YOU
MIGHT BE A REDNECK CROSSDRESSER IF...
- You go to family reunions to meet guys.
- You wear a dress that's strapless and a
bra that ain't.
- You wear combat boots with a minidress.
- You wear jeans with a belt buckle that's
bigger than your fist.
- You have a Ford F150 pick-up truck, with
a gun rack, a Dale Earnhardt license plate frame, and a Confederate flag on the tailgate,
next to the bumper sticker that says "I sell Avon Skin-So-Soft."
- You try to wax your legs with Turtle Wax.
- You braid the hair that sticks through
your fishnet stockings.
- Wear a black John Deere baseball cap with
pearls.
- You use glitter to highlight your
mustache.
- You wear tube tops with your mini,
because it shows off your Harley-Davidson tattoo.
- Your favorite band ring came off a cigar.
- You keep spare ammo in your bra.
- You get a run in your stockings while
changing a tire on your motorhome.
- Your purse is a toolbox.
- You pluck your eyebrows with a pair of
needle nosed pliers.
- You store your lipsticks in a
socket-wrench box.
- You use duct tape to keep your
"tuck" in place.
- You call your vanity "your work
bench."
- You use a pocketknife to sharpen your lip
and eye liners.
- "Doing your nails" means
sorting the ten-pennies from the sixteen-pennies.

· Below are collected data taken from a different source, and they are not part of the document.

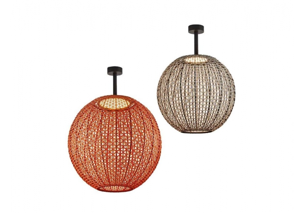 Nans Sphere conçue par Joana Bover pour Bover est une plafonnier d'extérieur avec structure portante en acier inoxydable et aluminium peint en marron graphite. L'abat-jour a une forme sphérique en fibre synthétique avec un diffuseur en polycarbonate et protège une source de lumière LED avec un système de variateur Triac. Nans Sphere est disponible en différentes finitions et modèles.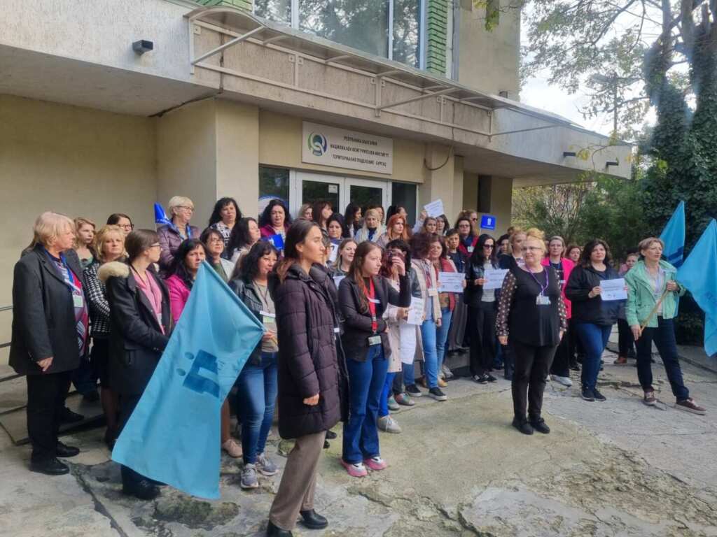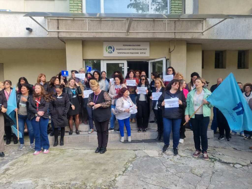 Служители на НОИ–Бургас протестираха с искане за минимум 20% повишение на заплатите в Бюджет 2026, съобщи Спаска Димитрова от КТ „Подкрепа“. По думите ѝ натовареността и честата работа извън работно време оправдават подобно увеличение. Тя определи като несправедлив негативния обществен образ на служителите и подчерта, че те сами плащат осигуровките си.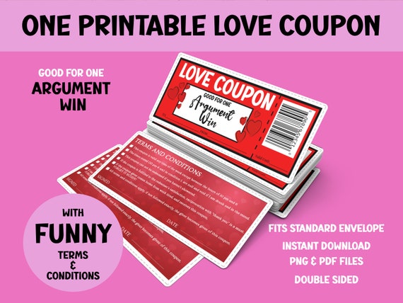 One Printable Love Coupon Argument Win Voucher Gift - Etsy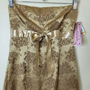 Vintage My Michelle gold brocade strapless mini dress, new with tags and made in the USA.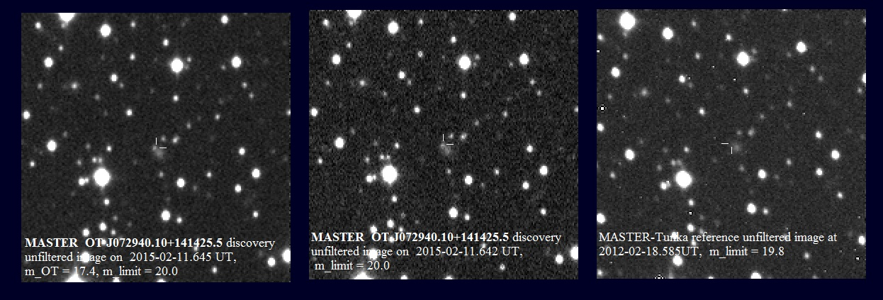Европейская Южная обсерватория, 3.6-м телескоп NTT(The ESO New Technology Telescope) на горе La Silla(Chile) получил спектр для Сверхновой, открытой на телескопе МАСТЕР-Тунка с помощью математического обеспечения обработки изображений сети МАСТЕР, во время инспектирования поля гамма-всплеска GRB150210A (Fermi observatory) Олегом Грессом (научная телеграмма ATel7050 http://www.astronomerstelegram.org/?read=7050).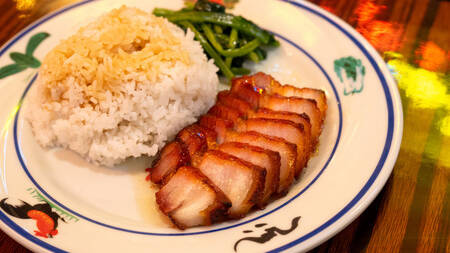 大きくカットされた煮豚がご飯の横に添えられ、見るからに存在感があります。一般的な角煮を思わせる見た目ですが、実際に口へ運んでみると印象は大きく変わります。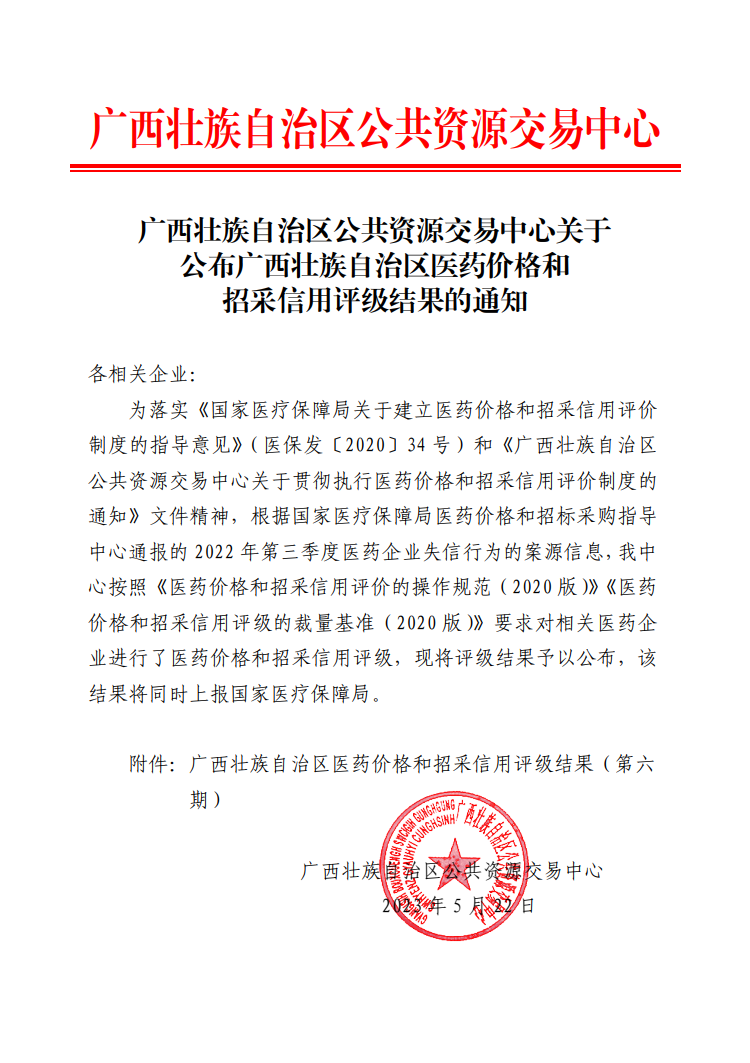 【信用评价】关于公布广西壮族自治区医药价格和招采信用评级结果的通知(第六期)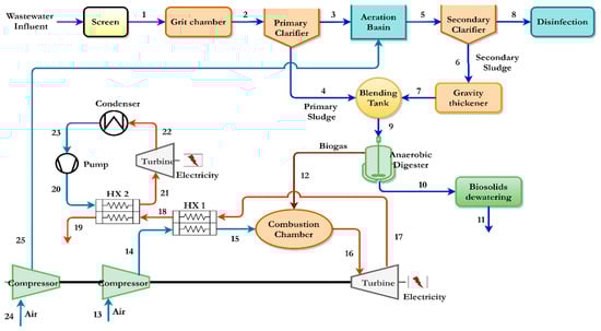 An energy recovery configuration for a wastewater treatment plant. Reproduced with permission from Erguvan and MacPhee (2021) [66], ©MDPI, 2021, CC BY 4.0 (open access).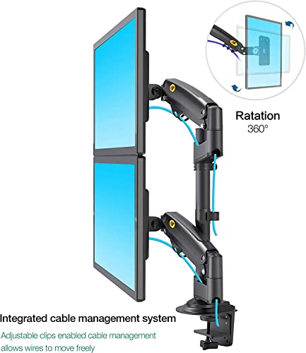 - ③ FULL-MOVEMENT MOUNT: With a wide range of motion, your monitor can be rotated and tilted effortlessly in any direction, Tilt angle is from -30° to +85°. Nb H180 max provides 360° horizontal rotation for you to work with comfort..With the NB H180, you can position your monitors on top of the bottom.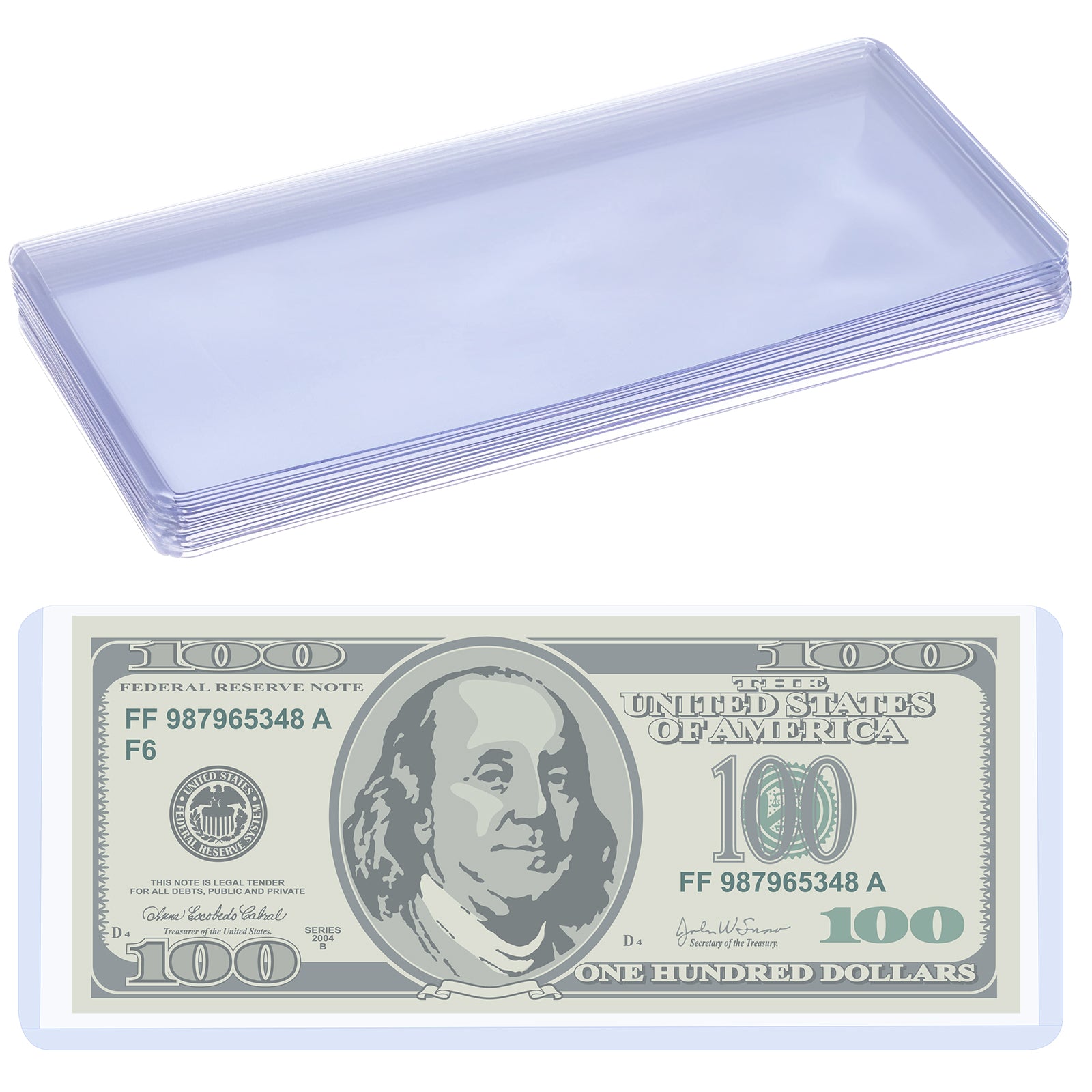 10PCS Clear PVC Bill Sleeves, 6.81 x 2.95 Inch Transparent Currency Protectors, Waterproof Dustproof Banknote Holders for Display, Storage, Collecting, Top-Loading Design for Easy Access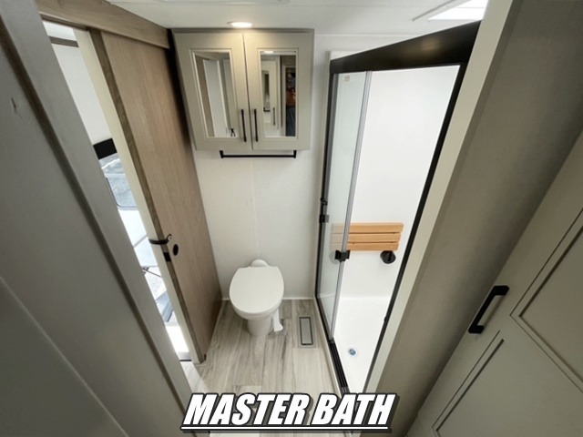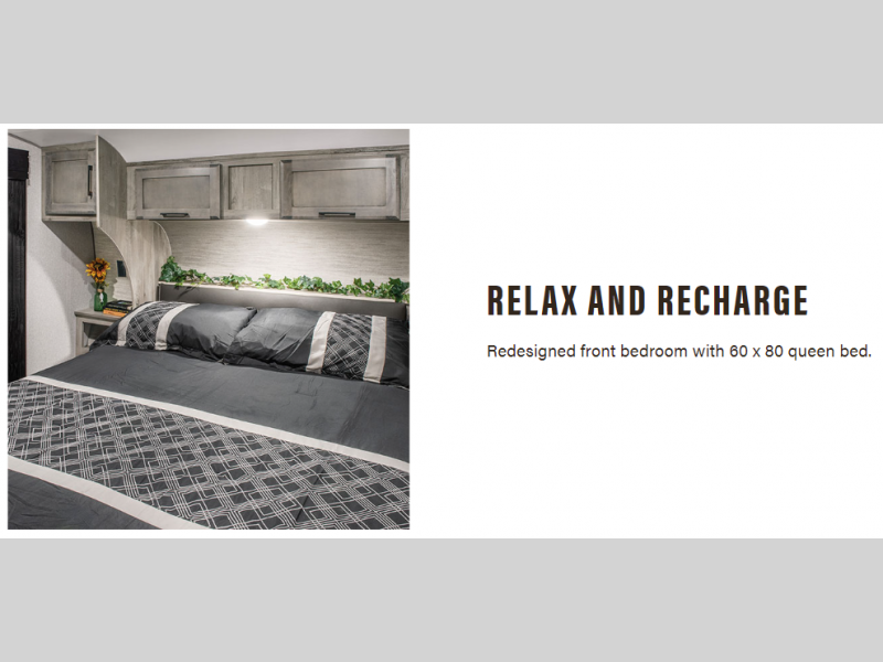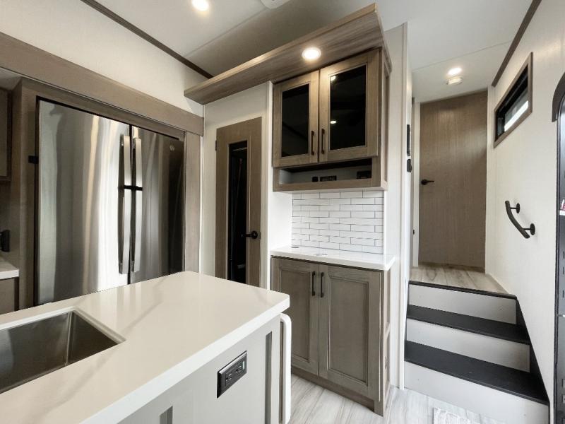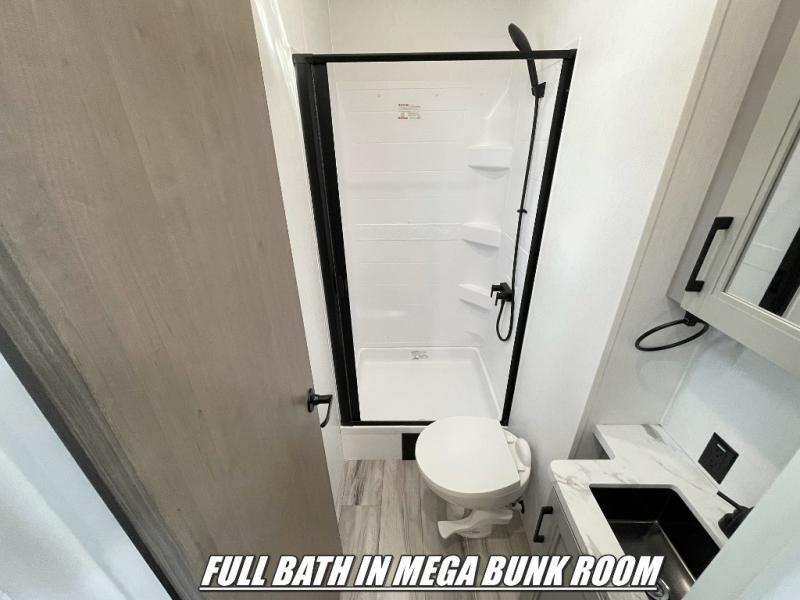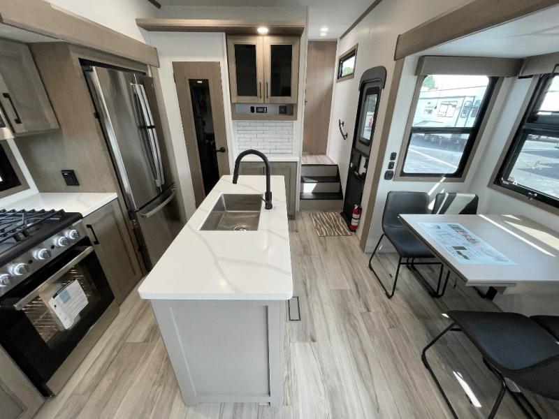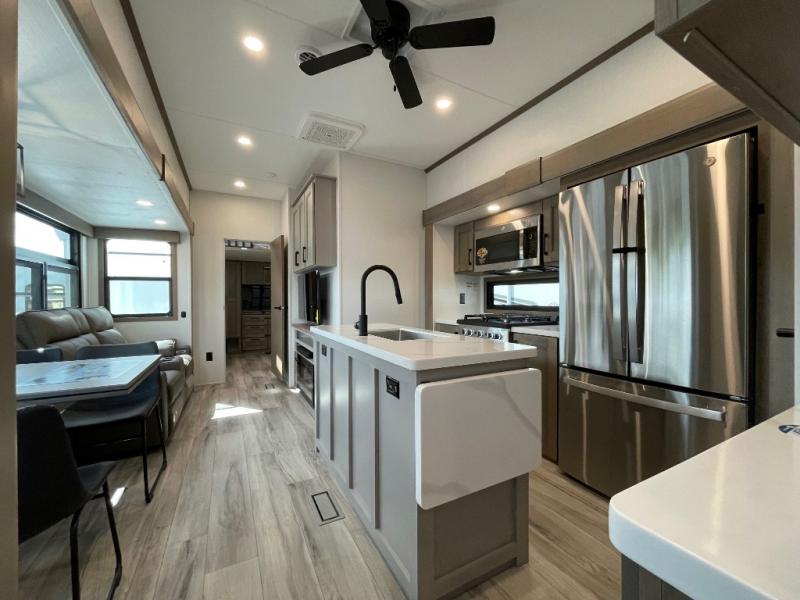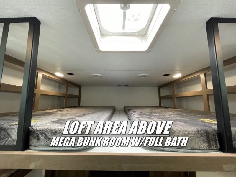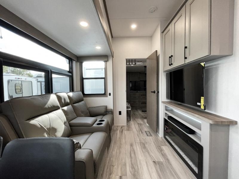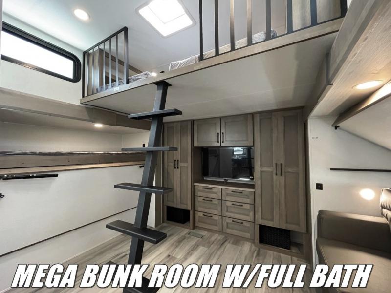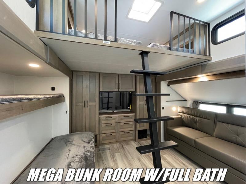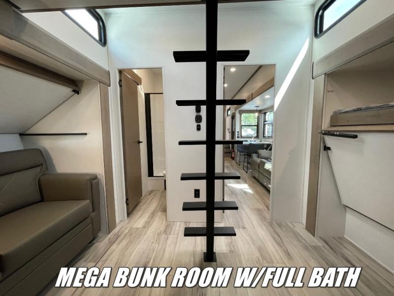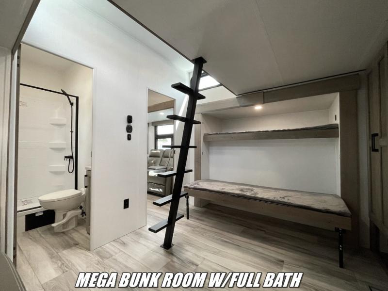 All of your friends and family can camp together in this fifth wheel! It features a rear private bunkhouse with a bunk above a hide-a-bed sofa, a full bathroom with a 30" x 36" shower, and an entertainment center with wardrobes on either side. There is also a folding bunk and a bunk over the outside kitchen. Across from the hide-a-bed sofa is an entertainment center with a 40" fireplace and a 43" smart TV to watch your favorite movies at night. The kitchen island will allow you to cook with ease and you can prepare your best meals with the four burner range with a 24" oven. The second bathroom has a residential shower with a seat and a linen closet to keep your towel close. Enjoy a good night's rest on the king bed slide in the front private bedroom which also has a dresser and a front wardrobe with washer and dryer prep!

- Your favorite leather skirt was made from
the moose you shot last Fall.
- Your new sandals are made from truck tire
re-treads your found on the road.
- You keep a spare lipstick in your
toolbox.
- You wear a pair of C-clamps as screw-on
earrings.
- Your best silver necklace is made from
beer can pull-tabs.
- Your nail enamel is made by Rustoleum.
-. You use paint thinner to remove your
makeup.
- Your moisturizer says "non-detergent
SAE 10W30" on the container.
- You remove your leg hair with duct tape.